What the exercise asks: Begin your copy at the line with "2017年8月7日-8月10" in the records below and end it at the line with "Морозостойкий силовой шнур-удлинитель", restating each line word for word; omit the pictures.

The input:
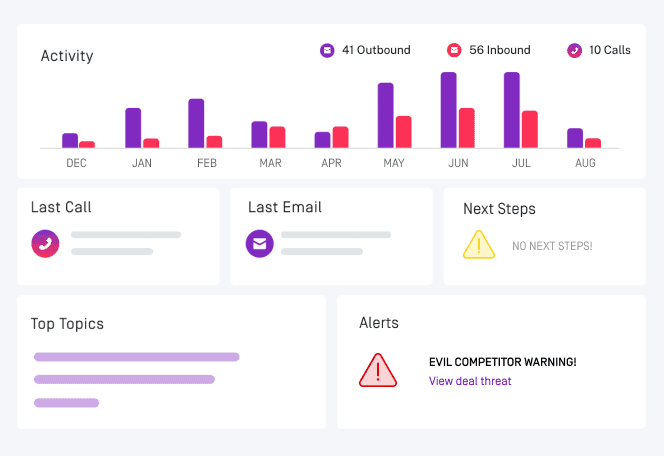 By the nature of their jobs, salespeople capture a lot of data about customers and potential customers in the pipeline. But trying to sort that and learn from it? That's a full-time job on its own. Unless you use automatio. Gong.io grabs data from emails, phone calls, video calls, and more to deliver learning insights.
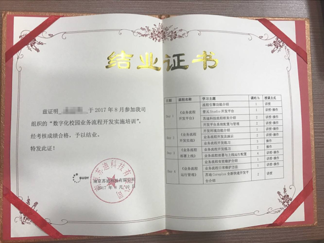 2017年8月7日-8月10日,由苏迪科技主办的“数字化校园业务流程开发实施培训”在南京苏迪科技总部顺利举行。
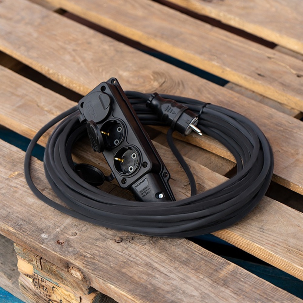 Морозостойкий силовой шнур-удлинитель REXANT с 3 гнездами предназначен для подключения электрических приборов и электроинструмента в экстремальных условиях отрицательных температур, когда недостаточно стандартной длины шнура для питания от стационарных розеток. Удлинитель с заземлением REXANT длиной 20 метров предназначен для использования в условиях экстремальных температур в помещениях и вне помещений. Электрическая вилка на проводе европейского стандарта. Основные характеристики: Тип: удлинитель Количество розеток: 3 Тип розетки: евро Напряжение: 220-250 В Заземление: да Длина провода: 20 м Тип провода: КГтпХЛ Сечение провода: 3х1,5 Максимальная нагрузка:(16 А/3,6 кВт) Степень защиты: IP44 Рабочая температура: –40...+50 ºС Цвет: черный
---
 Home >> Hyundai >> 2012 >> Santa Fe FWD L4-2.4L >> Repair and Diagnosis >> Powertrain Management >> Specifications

Result of this exercise:
 2017年8月7日-8月10日,由苏迪科技主办的“数字化校园业务流程开发实施培训”在南京苏迪科技总部顺利举行。
 Морозостойкий силовой шнур-удлинитель REXANT с 3 гнездами предназначен для подключения электрических приборов и электроинструмента в экстремальных условиях отрицательных температур, когда недостаточно стандартной длины шнура для питания от стационарных розеток. Удлинитель с заземлением REXANT длиной 20 метров предназначен для использования в условиях экстремальных температур в помещениях и вне помещений. Электрическая вилка на проводе европейского стандарта. Основные характеристики: Тип: удлинитель Количество розеток: 3 Тип розетки: евро Напряжение: 220-250 В Заземление: да Длина провода: 20 м Тип провода: КГтпХЛ Сечение провода: 3х1,5 Максимальная нагрузка:(16 А/3,6 кВт) Степень защиты: IP44 Рабочая температура: –40...+50 ºС Цвет: черный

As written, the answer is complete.